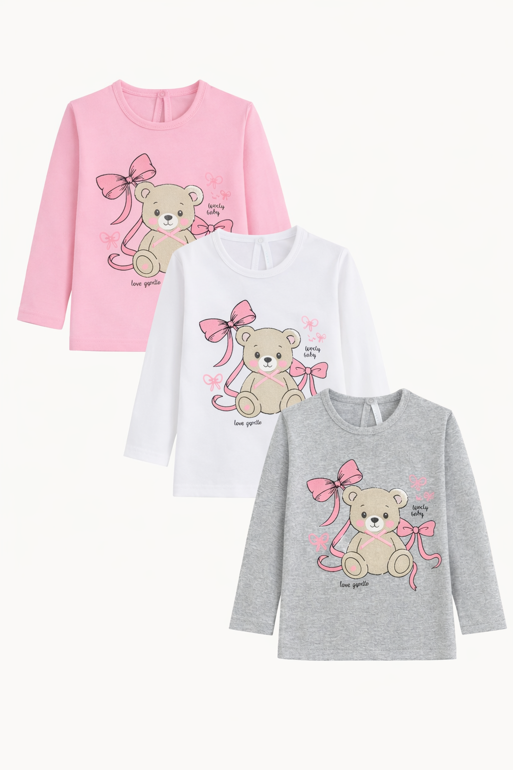 Remera beba nena c/estampa osito + moños.Gepetto
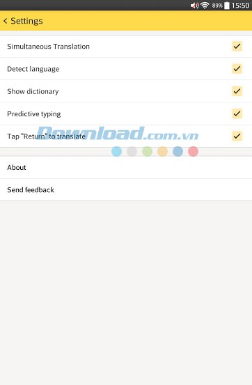 Phần cài đặt của Yandex.Translate cung cấp nhiều tùy chọn hữu ích, bao gồm: dịch thuật ngay khi nhập liệu, tự động nhận diện ngôn ngữ, hiển thị từ điển, gợi ý nhập liệu, sử dụng phím Return để dịch, và thông tin về nhà phát triển cũng như chức năng gửi phản hồi.
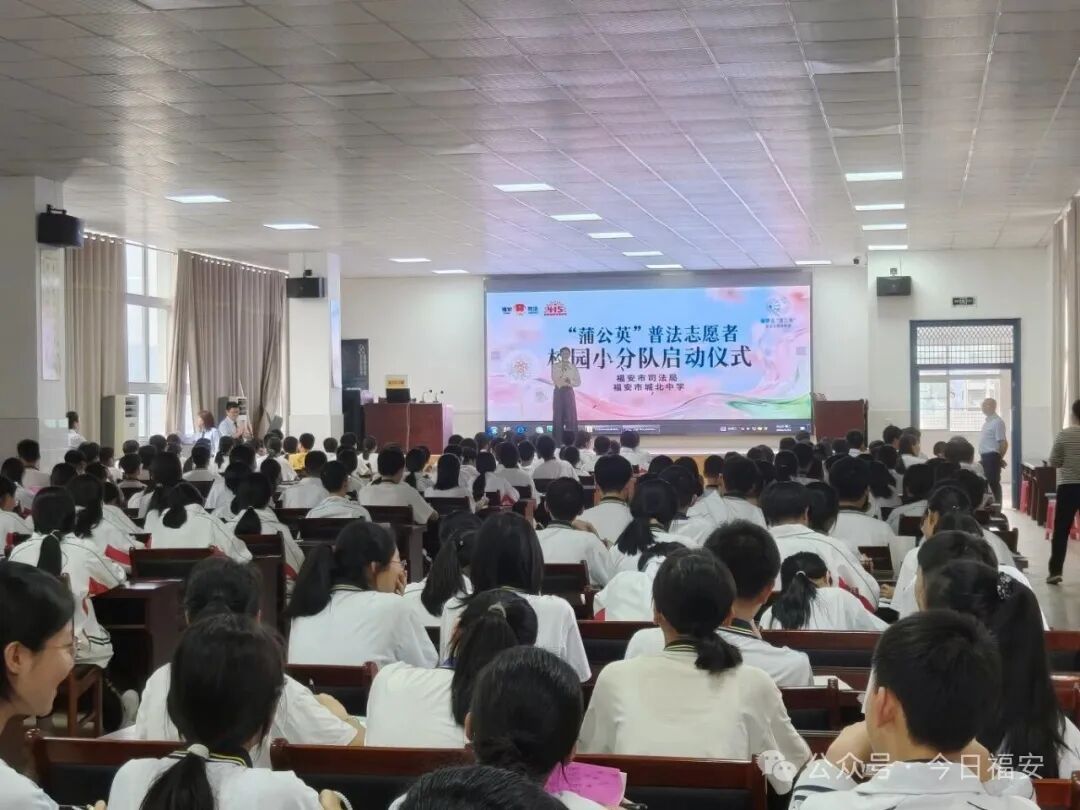 宁德文明网4月16日讯(通讯员 秦红丽)4月15日,福安市司法局联合城北中学开展“法治宣传进校园”活动,以“国家安全心中记,法治校园共守护”为主题,通过互动体验、现场咨询等多种形式,为400余名师生带来一堂生动的法治教育课。 活动伊始,现场宣读“蒲公英”普法志愿者校园小分队首批成员名单,并为小分队队长授旗。学生志愿者代表在发言中表示,将主动担当,严守纪律,并以“蒲公英”之资播撒法治种子,为建设平安法治校园贡献力量。
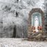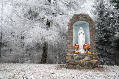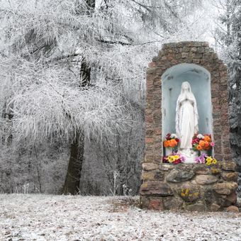 The hilltop houses a stone grotto containing a statue of the Virgin Mary, along with a steel cross mounted on a massive boulder.
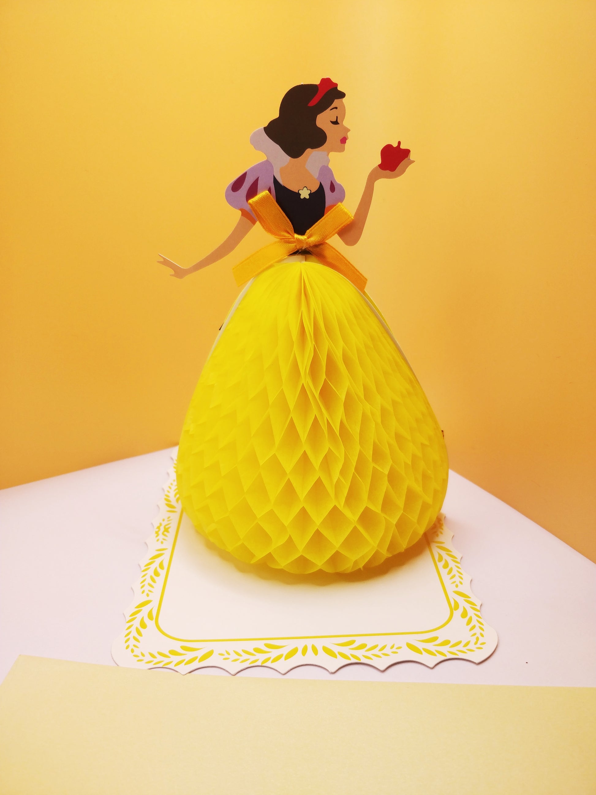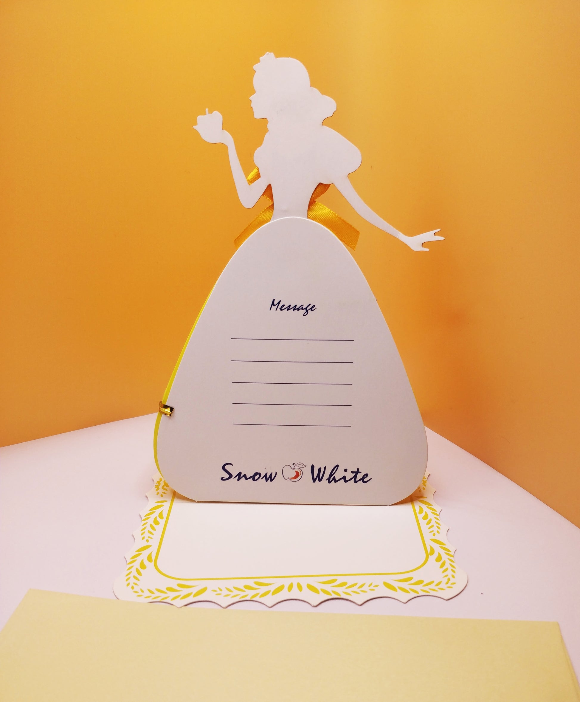 This is a really special card. A beautifully handcrafted Snow White 3D Pop Up card with detailed dress design . It's a lovely keepsake for a special Princess in your life.
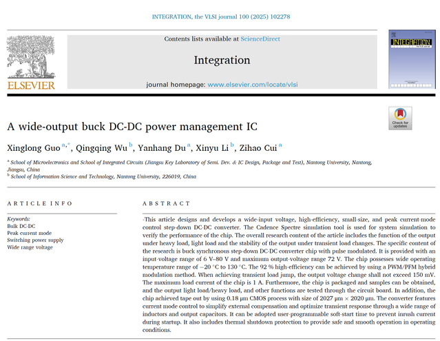 随着信息技术的发展,计算机设备、移动电话、智能手环、轻便无线通讯等便携式设备的尺寸越来越小,集成的功能越来越多,要求设备电源系统具有较小的尺寸和成本,能够高效率的提供更多能量,对电源管理芯片的需求日益增加,因此迫切需求有关的电源管理芯片。据此需要,william威廉中文官网郭兴龙教授设计研究了一款高效率、小尺寸的峰值电流模控制的降压型DC-DC变换器。此研究论文《A Wide-Output Buck DC-DC Power Management IC》于2024年9月6日在线发表于期刊《Integration》上,论文第一作者为郭兴龙教授,第一单位为william威廉中文官网。
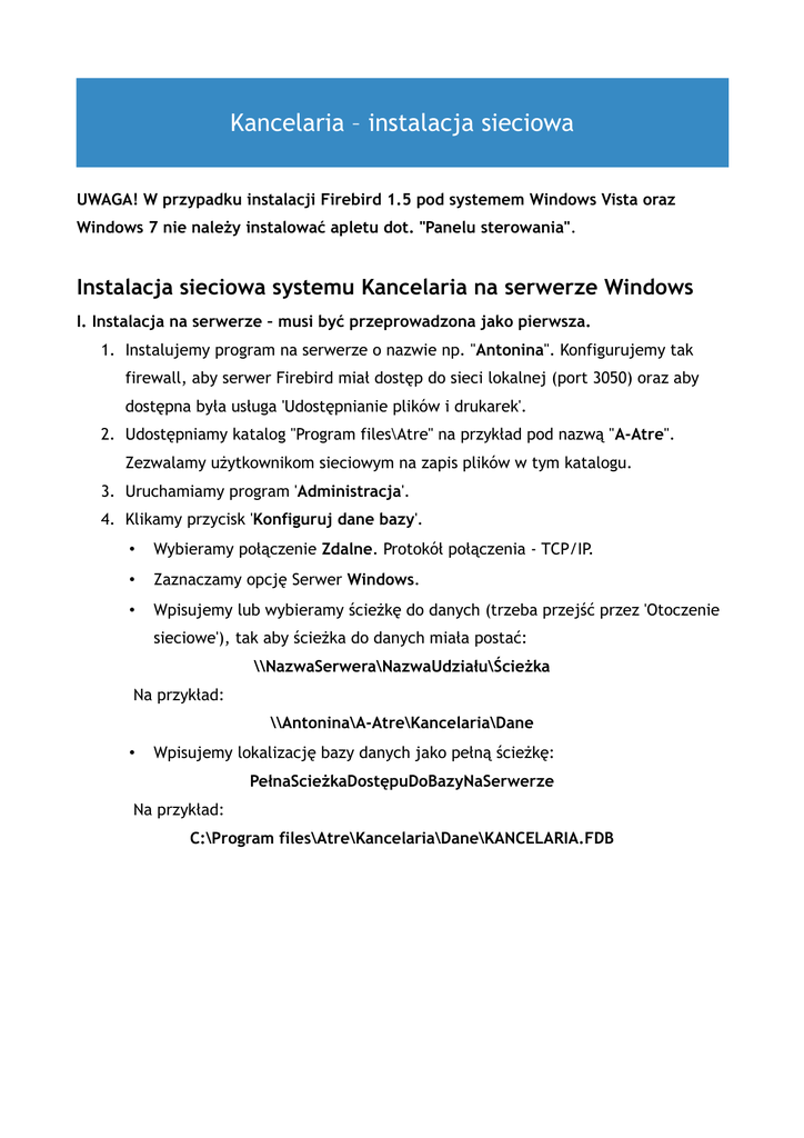Kancelaria – instalacja sieciowa UWAGA! W przypadku instalacji Firebird 1.5 pod systemem Windows Vista oraz Windows 7 nie należy instalować apletu dot. "Panelu sterowania". Instalacja sieciowa systemu Kancelaria na serwerze Windows I. Instalacja na serwerze – musi być przeprowadzona jako pierwsza. 1. Instalujemy program na serwerze o nazwie np. "Antonina". Konfigurujemy tak firewall, aby serwer Firebird miał dostęp do sieci lokalnej (port 3050) oraz aby dostępna była usługa 'Udostępnianie plików i drukarek'. 2. Udostępniamy katalog "Program files\Atre" na przykład pod nazwą "A-Atre". Zezwalamy użytkownikom sieciowym na zapis plików w tym katalogu. 3. Uruchamiamy program 'Administracja'. 4. Klikamy przycisk 'Konfiguruj dane bazy'. • Wybieramy połączenie Zdalne. Protokół połączenia - TCP/IP. • Zaznaczamy opcję Serwer Windows. • Wpisujemy lub wybieramy ścieżkę do danych (trzeba przejść przez 'Otoczenie sieciowe'), tak aby ścieżka do danych miała postać: \\NazwaSerwera\NazwaUdziału\Ścieżka Na przykład: \\Antonina\A-Atre\Kancelaria\Dane • Wpisujemy lokalizację bazy danych jako pełną ścieżkę: PełnaScieżkaDostępuDoBazyNaSerwerze Na przykład: C:\Program files\Atre\Kancelaria\Dane\KANCELARIA.FDB 5. Klikamy Testuj połączenie. Jeśli połączenie z bazą zostanie nawiązane poprawnie, klikamy Zapisz, aby zapamiętać wybrane ustawienia. 6. Możemy teraz uruchomić program Kancelaria, aby ustawić wspólne dla wszystkich użytkowników ścieżki do dokumentów, wzorców, poczty i kopii zapasowych. Ścieżki te muszą mieć postać taką, jak ścieżka do danych. Na przykład: \\Antonina\A-Atre\Kancelaria\Dokumenty \\Antonina\A-Atre\Kancelaria\Wzorce \\Antonina\A-Atre\Kancelaria\Poczta \\Antonina\A-Atre\Kancelaria\Kancelaria_kopie II. Instalacja na końcówce. 1. Uruchamiamy instalator na końcówce. 2. Uruchamiamy program 'Administracja' na końcówce. 3. Konfigurujemy połączenie z bazą tak samo jak na serwerze. Wszystkie opcje i ścieżki muszą wyglądać tak, jak opisano powyżej. 4. Testujemy połączenie i jeśli zostało nawiązane poprawnie, zapisujemy dane. 5. Uruchamiamy program Kancelaria i określamy ścieżki dostępu do dokumentów, wzorców, poczty i kopii zapasowych. Ścieżki te muszą mieć postać taką, jak zadeklarowano to na serwerze. Tylko wtedy użytkownicy będą mogli korzystać ze wspólnych danych zgromadzonych w bazie i zapisanych w katalogach. Instalacja sieciowa systemu Kancelaria na serwerze Linux 1. Należy zainstalować Firebird SuperServer na serwerze Linuxa (korzystając z pakietów ".rpm" lub "tar.gz"). Aktualnie są to pliki: http://prdownloads.sourceforge.net/firebird/FirebirdSS-1.5.2.4731-0.i686.rpm http://prdownloads.sourceforge.net/firebird/FirebirdSS-1.5.2.4731-0.i686.tar.gz Adres strony domowej Firebird, z której można pobrać aktualne pliki: http://www.firebirdsql.org. 2. W czasie instalacji skrypt instalacyjny pakietu założy w systemie: użytkownika firebird oraz grupę firebird. Serwer bazy danych domyślnie będzie uruchamiany z uprawnieniami tego użytkownika. 3. Katalogiem domowym użytkownika firebird jest podkatalog /firebird (np. w dystrybucji Fedora Core 3 w katalogu opt/firebird), gdzie zainstalowany zostanie serwer bazy danych. Skrypt instalacyjny zmienia również domyślne hasło wbudowanego konta superużytkownika bazy Firebird – SYSDBA na hasło wylosowane – skrypt zapisuje je dla informacji administratora w pliku /firebird/SYSDBA.password, uaktualniany jest również skrypt /etc/rc.d/init.d/firebird, który podczas startu systemu uruchamia serwer bazy danych. Do zmiany hasła superużytkownika służy skrypt /firebird/bin/changeDBAPassword.sh. Należy je zmienić na masterkey. 4. Administrator powinien utworzyć na serwerze katalog, w którym znajdą się plik bazy danych Kancelaria.fdb oraz pozostałe dane - dokumenty, wzorce, itd. Najlepiej, gdyby był to katalog /Atre/Kancelaria. Katalog musi znajdować się na dysku lokalnym serwera, a jego właścicielem powinien być użytkownik firebird z prawami do odczytu, zapisu i wykonywania. 5. Program instalujemy z końcówki Windowsowej, jako miejsce lokalizacji bazy i katalogów z danymi wskazując ścieżki na serwerze Linux. 6. Po instalacji programu konfigurujemy katalogi i pliki utworzone przez program tak, aby użytkownicy zalogowani na końcówkach mieli dostęp do odczytu i zapisu plików dokumentów, wzorców, itd. 7. Testujemy połączenie ręcznie. Można to zrobić korzystając z programu "isql" konsoli bazy Firebird. W tym celu należy wydać polecenie /firebird/bin/isql -u SYSDBA -p masterkey localhost:/Kancelaria/Dane/Kancelaria.fdb. Jeśli poprawnie zainstalowano i skonfigurowano bazę danych oraz uprawnienia, powinien pojawić się znak zachęty SQL>. Jeśli natomiast wyświetlony został komunikat o błędzie, to albo źle zostały skonfigurowane prawa dostępu do bazy albo trzeba doinstalować dodatkowe pakiety (“inetd”, „xinetd” ) i je uruchomić. Pamiętać należy, że dopóki z bazą danych nie będzie można połączyć się ręcznie, na pewno nie będzie to możliwe z poziomu programu. 8. Instalujemy program na pozostałych końcówkach. 9. Uruchamiamy program 'Administracja' na każdej końcówce. 10.Klikamy przycisk 'Konfiguruj dane bazy'. • Wybieramy połączenie Zdalne. Protokół połączenia - TCP/IP. • Zaznaczamy opcję Serwer Linux. • Wpisujemy lub wybieramy ścieżkę do danych (trzeba przejść przez 'Otoczenie sieciowe'), tak aby ścieżka do danych miała postać: \\NazwaSerwera\NazwaUdziału\Ścieżka Na przykład: \\Antonina\A-Atre\Kancelaria\Dane • Wpisujemy lokalizację bazy danych jako pełną ścieżkę: PełnaScieżkaDostępuDoBazyNaSerwerze Na przykład: /Atre/Kancelaria/Dane/Kancelaria.fdb 11. Na każdej końcówce uruchamiamy program Kancelaria, aby ustawić ścieżki do dokumentów, wzorców, poczty i kopii zapasowych. Ścieżki te muszą mieć postać taką, ja
◇ ◇ ◇
Leave out any pictures and return exactly the lines from the beginning of the data through the line with "Wide-Output Buck DC-DC", inclusive.

 Remera beba nena c/estampa osito + moños.Gepetto
 Phần cài đặt của Yandex.Translate cung cấp nhiều tùy chọn hữu ích, bao gồm: dịch thuật ngay khi nhập liệu, tự động nhận diện ngôn ngữ, hiển thị từ điển, gợi ý nhập liệu, sử dụng phím Return để dịch, và thông tin về nhà phát triển cũng như chức năng gửi phản hồi.
 宁德文明网4月16日讯(通讯员 秦红丽)4月15日,福安市司法局联合城北中学开展“法治宣传进校园”活动,以“国家安全心中记,法治校园共守护”为主题,通过互动体验、现场咨询等多种形式,为400余名师生带来一堂生动的法治教育课。 活动伊始,现场宣读“蒲公英”普法志愿者校园小分队首批成员名单,并为小分队队长授旗。学生志愿者代表在发言中表示,将主动担当,严守纪律,并以“蒲公英”之资播撒法治种子,为建设平安法治校园贡献力量。
 The hilltop houses a stone grotto containing a statue of the Virgin Mary, along with a steel cross mounted on a massive boulder.
 This is a really special card. A beautifully handcrafted Snow White 3D Pop Up card with detailed dress design . It's a lovely keepsake for a special Princess in your life.
 随着信息技术的发展,计算机设备、移动电话、智能手环、轻便无线通讯等便携式设备的尺寸越来越小,集成的功能越来越多,要求设备电源系统具有较小的尺寸和成本,能够高效率的提供更多能量,对电源管理芯片的需求日益增加,因此迫切需求有关的电源管理芯片。据此需要,william威廉中文官网郭兴龙教授设计研究了一款高效率、小尺寸的峰值电流模控制的降压型DC-DC变换器。此研究论文《A Wide-Output Buck DC-DC Power Management IC》于2024年9月6日在线发表于期刊《Integration》上,论文第一作者为郭兴龙教授,第一单位为william威廉中文官网。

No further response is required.